Ich schwanke zwischen folgenden Modellen:

1. ASUS X62J-JX074V 
Notebooks ASUS X62J-JX074V [HighEnd-Gamer 2.1]

2. HP Pavilion dv7-2155eg 
Media Markt. HP Pavilion dv7-2155eg. Top-Notebooks bei Media Markt. Jetzt anrufen, bestellen und abholen.

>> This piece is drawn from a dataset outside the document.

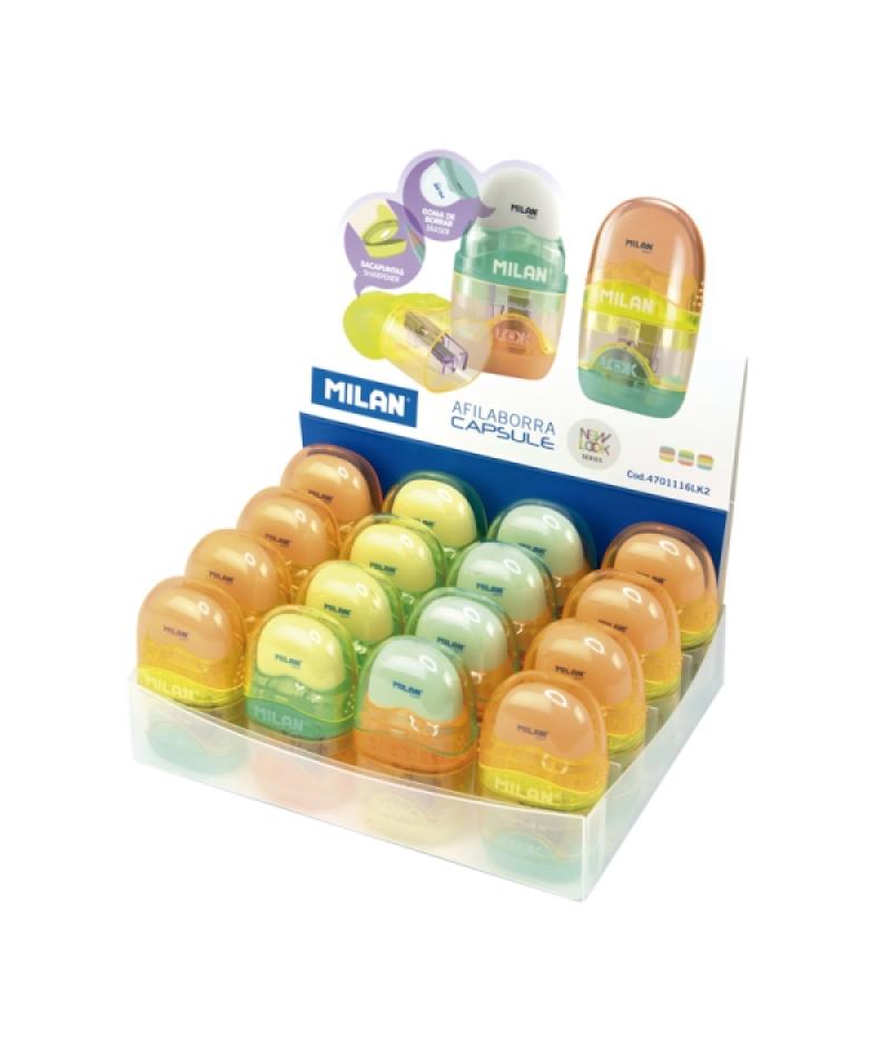 Milan Capsule New Look Expositor con 16 Afilaborras - Goma Miga de Pan - Deposito Integrado - Cuchilla de Acero de Seguridad - C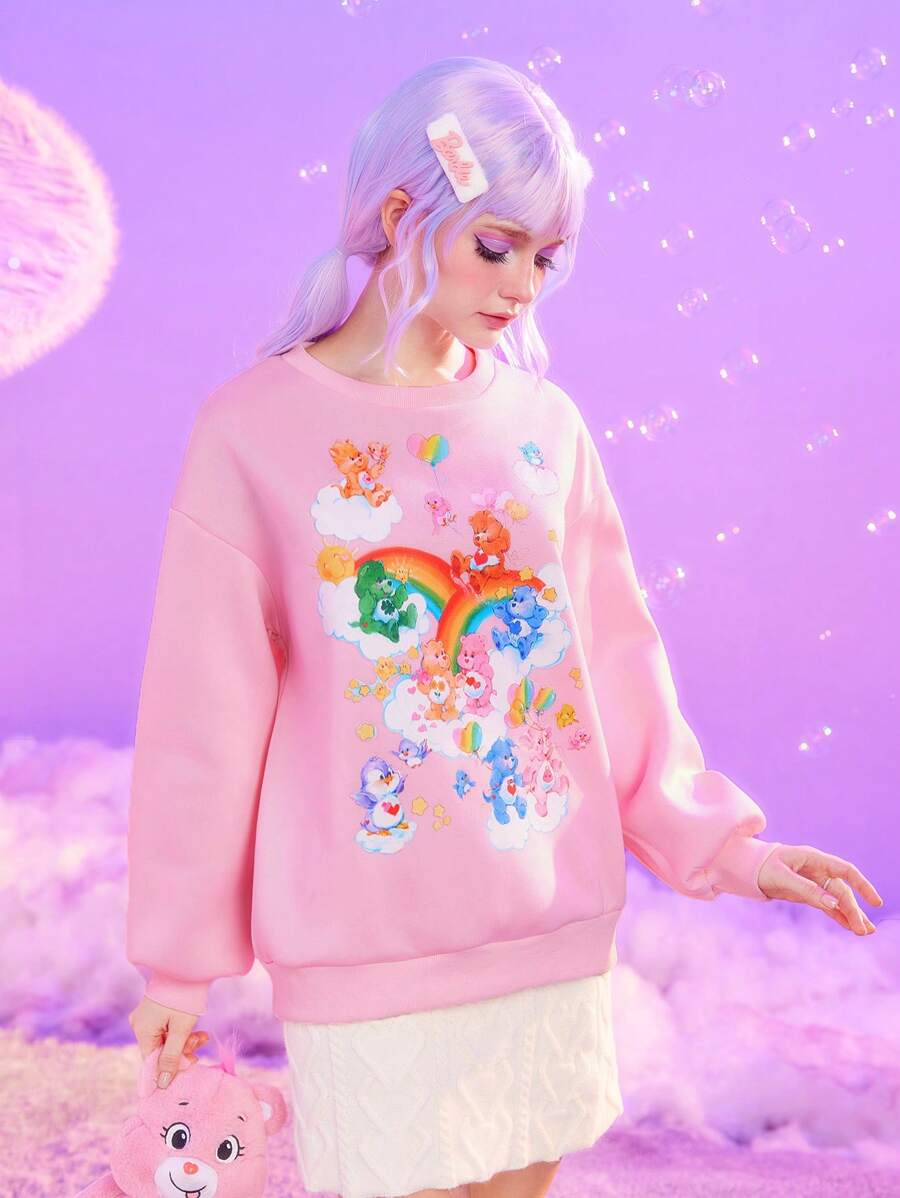 ROMWE X Care Bears Cartoon Print Comfortable Round Neck Long Sleeve Sweatshirt

Mich würde z.B. folgendes interessieren:
- welcher ist besser und warum?
- wie sind die i7 CPUs, hat jemand damit Erfahrung?
- kann ich den "turbo boost" selbst steuern, wenn nein, wann aktiviert er sich?
- sind dann alle vier kerne mit 2,8 Ghz getaktet oder nur einer?
- ist der i7 mit 1,6 Ghz trotz geringerer Taktfrequenz besser als der Core mit 2,0 Ghz? Werde aus der Intel-HP nicht schlau.
- welches Notebook ist eher "Zukunftssicher", möchte mir nicht gleich ein neues kaufen müssen
- wie stehts mit der Gesinnung, welcher Hersteller hat die Nase vorne bei Qualität etc., ASUS oder HP

Die GraKa des Laptops ist eher nebensächlich, sollte allerdings DX10 unterstützen und das können laut notebookcheck.com beide.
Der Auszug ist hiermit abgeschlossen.